The flight into exile ended a 15-year second stint in power for Hasina, who has ruled for 20 of the past 30 years as leader of the political movement inherited from her father, assassinated with most of his family in a 1975 coup.
Hasina had left the country for her own safety at the insistence of her family, her son Sajeeb Wazed Joy told the BBC World Service.
Hasina was “so disappointed that after all her hard work, for a minority to rise up against her,” Joy said.
She would not attempt to mount a political comeback, he said.
Earlier, army chief General Waker-Uz-Zaman announced Hasina’s resignation in a televised address and said an interim government would be formed.
He said he had held talks with leaders of major political parties - excluding Hasina’s long-ruling Awami League - and would soon meet President Mohammed Shahabuddin to discuss the way ahead.
“The country is going through a revolutionary period,” said Zaman, 58, who had taken over as army chief only on June 23.
“I promise you all, we will bring justice to all the murders and injustice. We request you to have faith in the army of the country,” he said.
“Please don’t go back to the path of violence and please return to non-violent and peaceful ways.”
India’s ANI news agency said Hasina, 76, landed at a military airfield near Delhi.
Reuters could not verify this but commercial tracking services showed a Bangladesh Air Force plane had left the country and flown west before disappearing from tracking near Delhi.
Citing sources, ANI reported that India’s National Security Adviser Ajit Doval and senior military officers met Hasina at the airfield and she was being moved to a safe location.
Bangladesh has been engulfed by violence since student protests last month against the quotas, which reserve some public sector jobs for veterans of the country’s 1971 war of independence from Pakistan - seen as favouring allies of the ruling party.
The protests escalated into a campaign demanding the overthrow of Hasina, and were met by a violent crackdown in which about 250 people have been killed and thousands injured.
The country - once one of the fastest-growing economies in world - has been plagued lately by slow economic growth, inflation and unemployment.
Hasina’s son Joy defended her record: “She has turned Bangladesh around. When she took over power, it was considered a failing state. It was a poor country. Until today it was considered one of the rising tigers of Asia.”

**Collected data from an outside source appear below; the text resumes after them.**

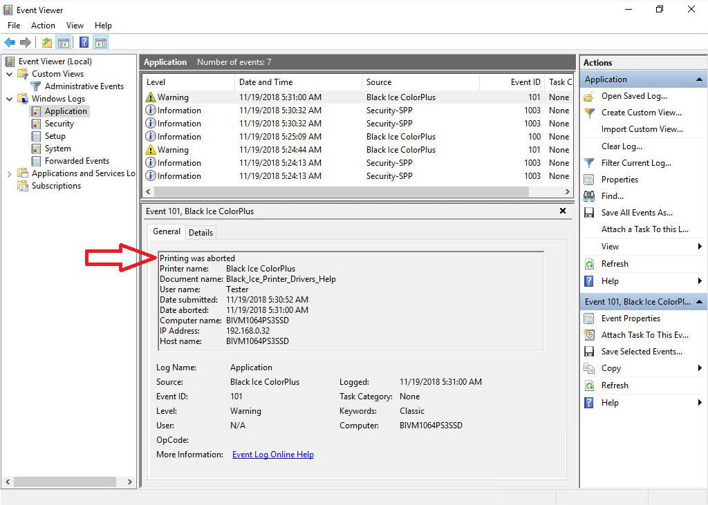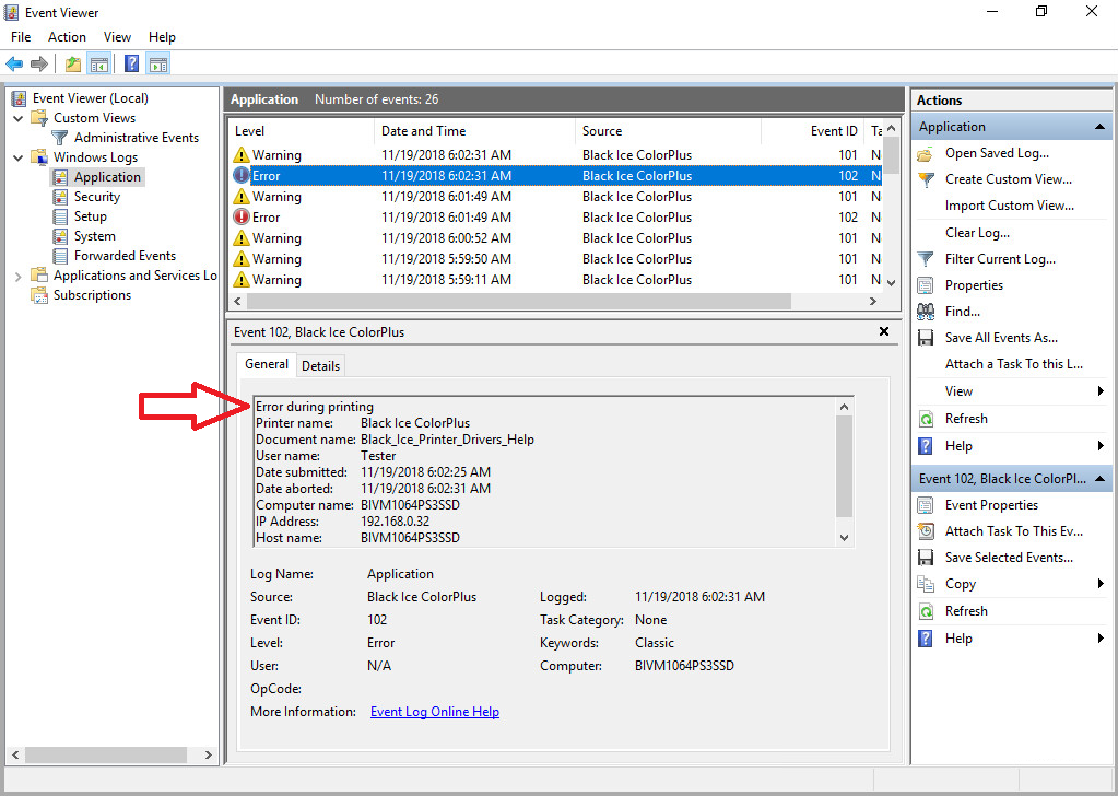 Set the "Event Logging Level" in the printer driver INI file to 1 or 2 or 3, in order to generate event if an error occurs during printing.
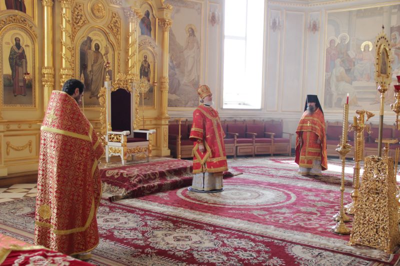 Его Преосвященству сослужили: секретарь Саранской епархии протоиерей Виктор Хохлов; ключарь кафедрального собора игумен Фома (Василенко) и духовенство собора.
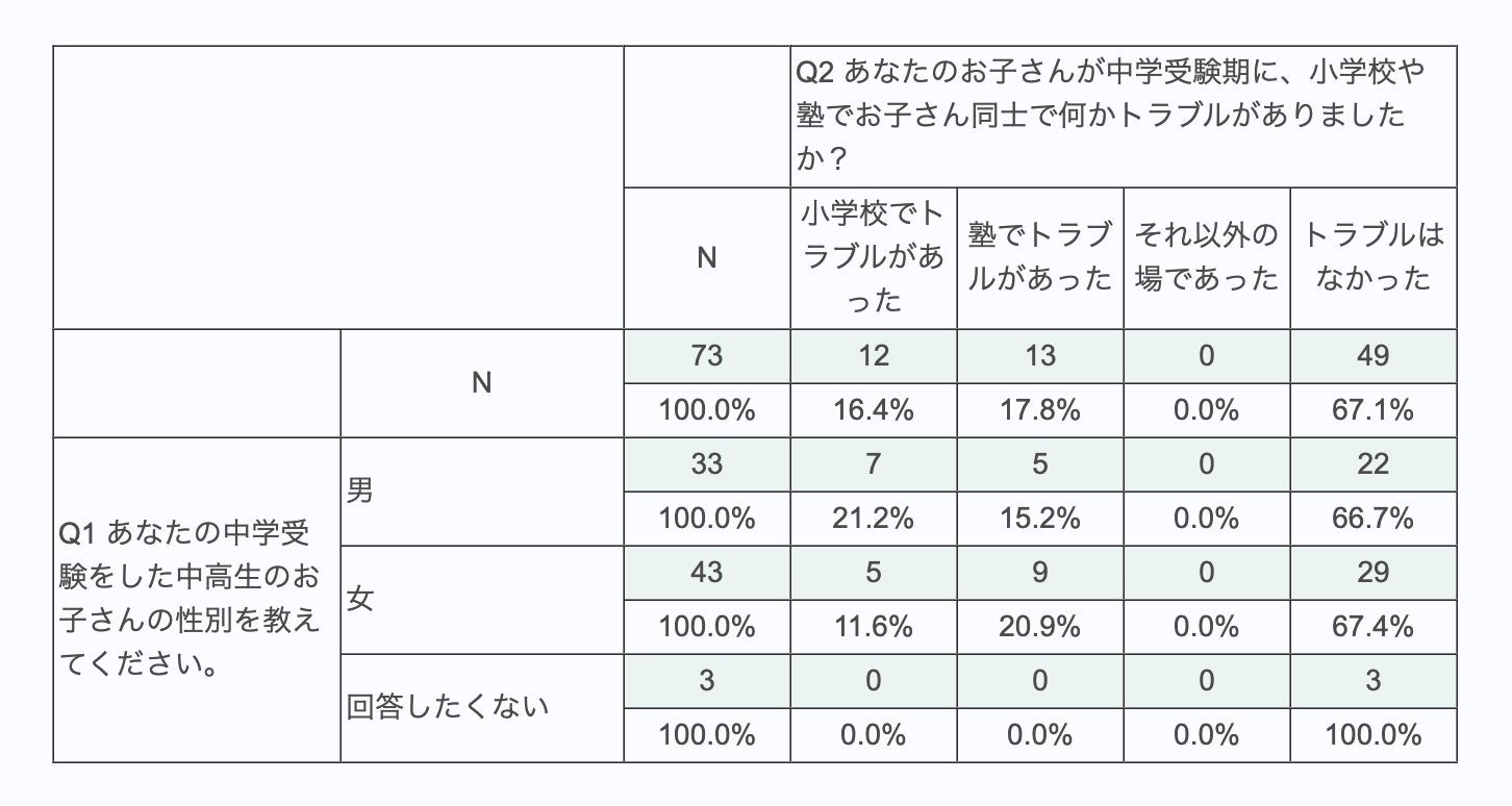 このたび「中学受験における子供同士、ママ友同士のトラブル」についてのアンケート調査の結果を公開しましたことをお知らせいたします。(調査会社:Freeasy 調査時期 2023年10月13日〜10月17日)
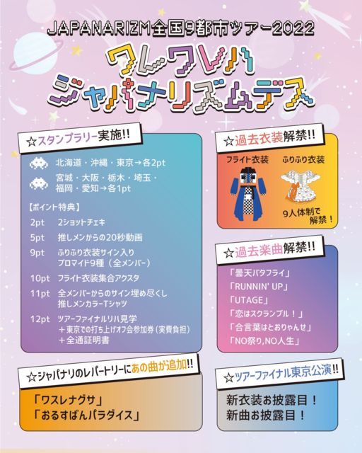 ランチオフ会 https://www.japanarizm.com/Schedule/2022.04.18 ■場所 国際通り近辺の飲食店 ■参加料 6000円(ランチ、ドリンク1杯、推しメンとの写メ券1枚込) ■時間 11:00-12:30予定 ■内容 メンバーと一緒に琉球ランチ♪ ■チェキ撮影(希望者のみ) 1枚 2,000円 ■予約 4/11予約開始予定
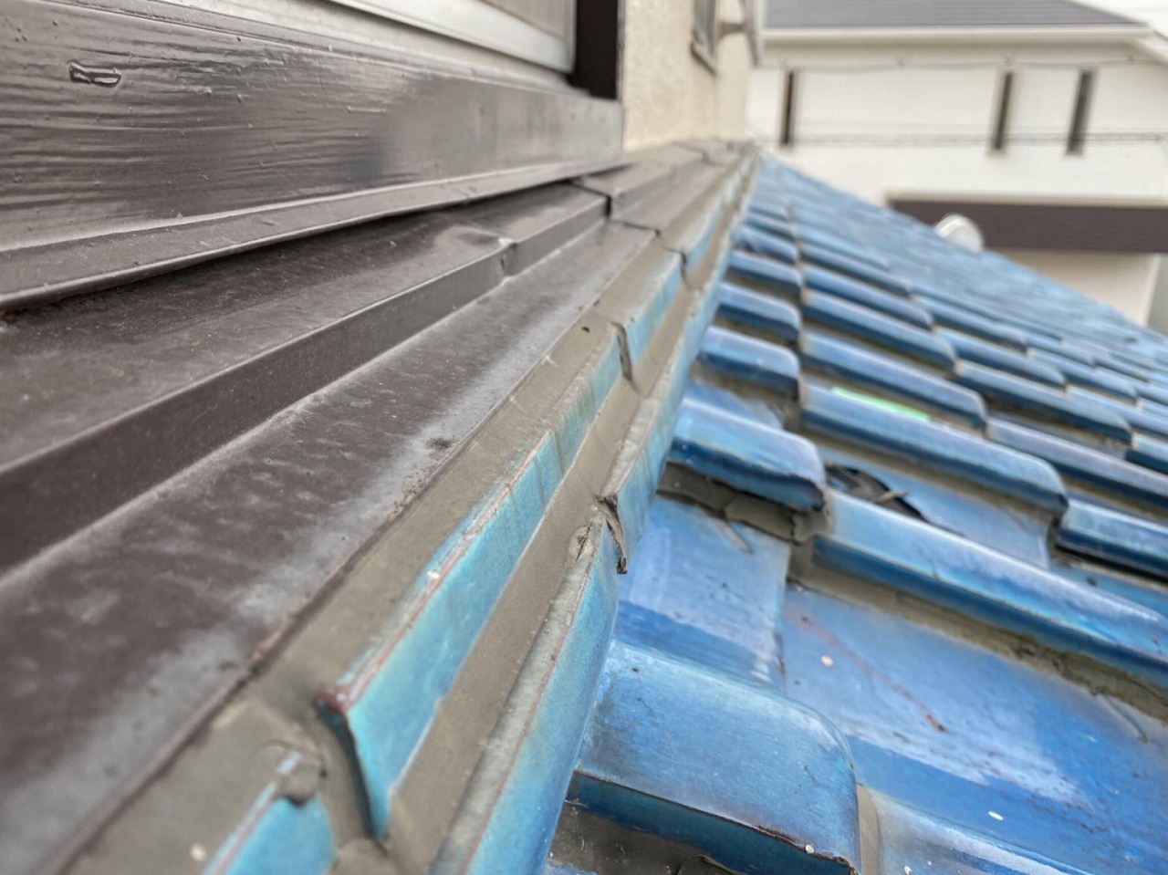 現地調査時の写真です。屋根の瓦には、全面ラバー工事を施してありました。地震などの強い工法ではありますが、雨水の通り道なども塞いでしまい雨漏りの原因となる工事ですので現在では、このような工事は行いません。 コーキング材の劣化など ...続きを読む2022/12/22 堺市南区にて台風で瓦屋根や雨樋に被害を受けた現地調査の様子
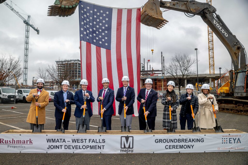 A surface parking lot in Northern Virginia is set to become one of the region’s newest transit-centered neighborhoods. The Washington Metropolitan Area Transit Authority (WMATA), joined by local elected officials and development partners Rushmark Properties and EYA LLC, has broken ground on a major redevelopment project at the West Falls Church Metrorail Station, signaling a shift from car-oriented land use to walkable, transit-supportive growth.
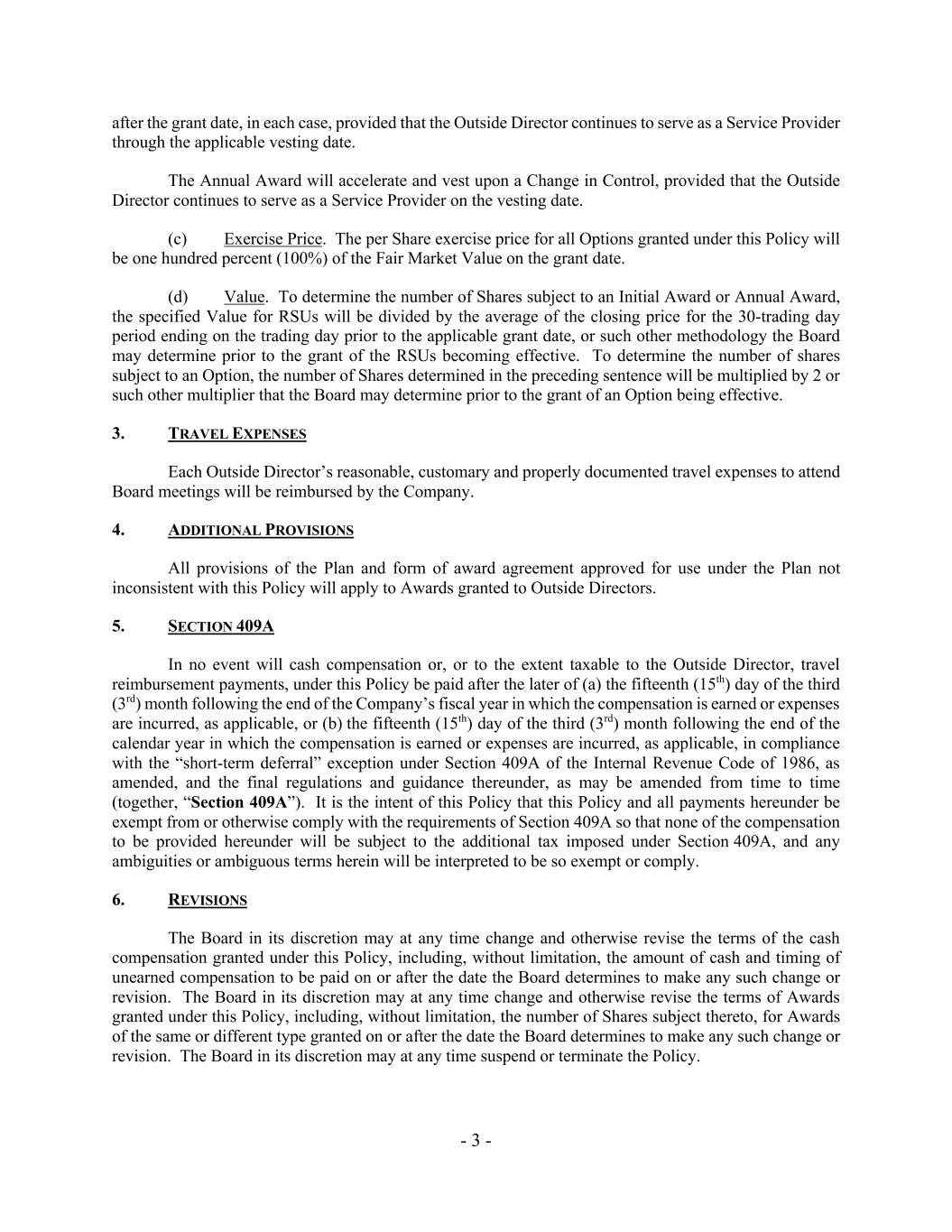 - 3 - after the grant date, in each case, provided that the Outside Director continues to serve as a Service Provider through the applicable vesting date. The Annual Award will accelerate and vest upon a Change in Control, provided that the Outside Director continues to serve as a Service Provider on the vesting date. (c) Exercise Price. The per Share exercise price for all Options granted under this Policy will be one hundred percent (100%) of the Fair Market Value on the grant date. (d) Value. To determine the number of Shares subject to an Initial Award or Annual Award, the specified Value for RSUs will be divided by the average of the closing price for the 30-trading day period ending on the trading day prior to the applicable grant date, or such other methodology the Board may determine prior to the grant of the RSUs becoming effective. To determine the number of shares subject to an Option, the number of Shares determined in the preceding sentence will be multiplied by 2 or such other multiplier that the Board may determine prior to the grant of an Option being effective. 3. TRAVEL EXPENSES Each Outside Director’s reasonable, customary and properly documented travel expenses to attend Board meetings will be reimbursed by the Company. 4. ADDITIONAL PROVISIONS All provisions of the Plan and form of award agreement approved for use under the Plan not inconsistent with this Policy will apply to Awards granted to Outside Directors. 5. SECTION 409A In no event will cash compensation or, or to the extent taxable to the Outside Director, travel reimbursement payments, under this Policy be paid after the later of (a) the fifteenth (15th) day of the third (3rd) month following the end of the Company’s fiscal year in which the compensation is earned or expenses are incurred, as applicable, or (b) the fifteenth (15th) day of the third (3rd) month following the end of the calendar year in which the compensation is earned or expenses are incurred, as applicable, in compliance with the “short-term deferral” exception under Section 409A of the Internal Revenue Code of 1986, as amended, and the final regulations and guidance thereunder, as may be amended from time to time (together, “Section 409A”). It is the intent of this Policy that this Policy and all payments hereunder be exempt from or otherwise comply with the requirements of Section 409A so that none of the compensation to be provided hereunder will be subject to the additional tax imposed under Section 409A, and any ambiguities or ambiguous terms herein will be interpreted to be so exempt or comply. 6. REVISIONS The Board in its discretion may at any time change and otherwise revise the terms of the cash compensation granted under this Policy, including, without limitation, the amount of cash and timing of unearned compensation to be paid on or after the date the Board determines to make any such change or revision. The Board in its discretion may at any time change and otherwise revise the terms of Awards granted under this Policy, including, without limitation, the number of Shares subject thereto, for Awards of the same or different type granted on or after the date the Board determines to make any such change or revision. The Board in its discretion may at any time suspend or terminate the Policy.

She had won a fourth straight term only in January this year in an election boycotted by the main opposition party, the Bangladesh Nationalist Party of her nemesis Begum Khaleda Zia.
Hasina had ruled since winning a decades-long power struggle with Zia in 2009.
The two women each inherited political movements from slain rulers - in Hasina’s case, from her father Mujib; in Zia’s case, from her husband Ziaur Rahman, who took power after Mujib’s death and was himself assassinated in 1981.
“Hasina’s resignation proves the power of the people,” said Tarique Rahman, the exiled eldest son of the two Zias who now serves as acting chairman of the oppposition party.
“Together, let’s rebuild Bangladesh into a democratic and developed nation, where the rights and freedoms of all people are protected,” he posted on X.
Student activists had called for a march to the capital Dhaka on Monday in defiance of a curfew to press Hasina to resign after clashes across the country on Sunday killed nearly 100 people.